Menurut Gus Yahya semua pihak mewarisi sejarah dari konflik yang panjang sekali selama berabad-abad antara Islam melawan dunia nonmuslim. Dia menyebut selama era Turki Usmani 700 tahun dari kekuasaan Turki Usamani itu tidak pernah berhenti sama sekali kompetisi militer melawan kerajaan-kerajaan Kristen Eropa di Barat.

 

“Begitu juga di timur ada Dinasti Mughal yang sepanjang waktu yang cukup lama terlibat konflik yang sangat tajam dengan umat Hindu di India, khususnya India bagian utara," terangnya.

 

Gus Yahya menjelaskan sejarah persaingan agama terus mengendap hingga saat ini. Hal itu telah menjadi pola pikir masyarakat.

 

“Semua sejarah yang kita warisi sekarang dan sudah mengendap sebagai mindset kita sekarang. Sementara wacana tentang moderasi dan toleransi itu justru sesuatu yang baru,” tuturnya.

 

Dia tak menutup mata terhadap fakta bahwa dunia memang bentuk persaingan nyata antar-identitas. Tak terkecuali juga terkait identitas-identitas agama. “Di situ kerajaan-kerajaan dengan identitas agama, negara dengan identitas agama berkonflik satu sama lain, bersaing secara politik dan militer dengan membawa label agama masing-masing," terangnya.

 

Gus Yahya menuturkan oleh karena itu diperlukan kesadaran untuk membangun tata dunia yang damai yang akan membutuhkan suatu wawasan keagamaan yang moderat. "Dalam arti yang tidak mengedepankan permusuhan dan konflik melawan agama lain," tegasnya.

 

Tak hanya itu, Gus Yahya guna mewujudkan tata dunia yang stabil dan tak rawan konflik maka juga diperlukan toleransi yang tinggi antar umat yang berbeda pandangan dan keyakinan.

 

"Kuncinya hidup berdampingan secara damai di antara kelompok-kelompok yang berbeda," tandasnya.

 

Sementara netizen menanggapi beragam pendapat Gus Yahya beberapa diantaranya mengingatkan kata kafir itu berasal dari Al Quran dan tak boleh diganti.

 

“Jelas nama surah nya saja Al-Kafiirun. Harusnya sebagai muslim kita memahami ini. Toleransi dalam kehidupan sosial boleh, tapi tidak dalam Aqidah,” tulis akun @kkmanti.

 

“Kata Kafir itu ada dlm Alqur'an, berarti Alqur'an hrs diubah sesuai seleramu?

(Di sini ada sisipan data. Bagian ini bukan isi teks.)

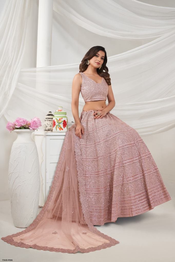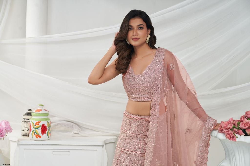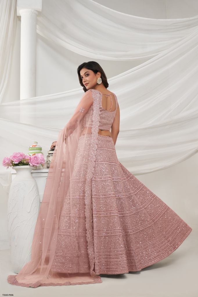 A Pink lehenga with horizontal sequin and thread work embellished with shimmering stones. The embroidered net dupatta and blouse, accentuated with stone work on the border.
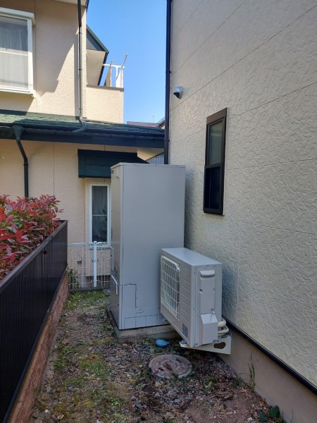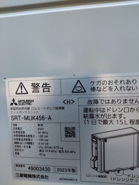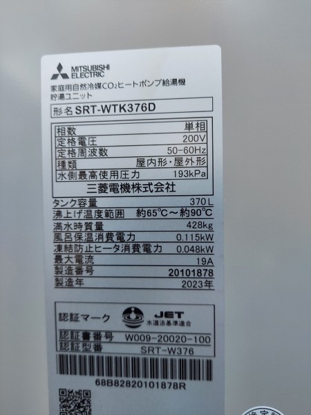 甲府市小曲町 三菱電機自然冷媒CO2家庭用ヒートポンプ給湯機ヒートポンプユニットSRT-MUK456-A、貯湯ユニットSRT-WTK376D エコキュート交換工事

Tolong sebutkan siapa sj Ulama Nu yg setuju? biar warga Nahdiyin tdk salah mngikuti Ulama,” tulis akun @CendekiaHeart

 

“Berpikir untuk merubah satu ayat dalam Al-Qur'an adalah HARAM hukumnya. Al-Qur'an diturunkan Allah Subhanahu Wa Ta'ala untuk diikuti. Dan seluruh konteks yang ada dalam ayat Al-Qur'an akan tetap relevan hingga yaumul qiyamah,” tulis akun @mohsach. hops


Label:

SancaNews

{picture#} YOUR_PROFILE_DESCRIPTION {facebook#YOUR_SOCIAL_PROFILE_URL} {twitter#YOUR_SOCIAL_PROFILE_URL} {google#YOUR_SOCIAL_PROFILE_URL} {pinterest#YOUR_SOCIAL_PROFILE_URL} {youtube#YOUR_SOCIAL_PROFILE_URL} {instagram#YOUR_SOCIAL_PROFILE_URL}
Diberdayakan oleh Blogger.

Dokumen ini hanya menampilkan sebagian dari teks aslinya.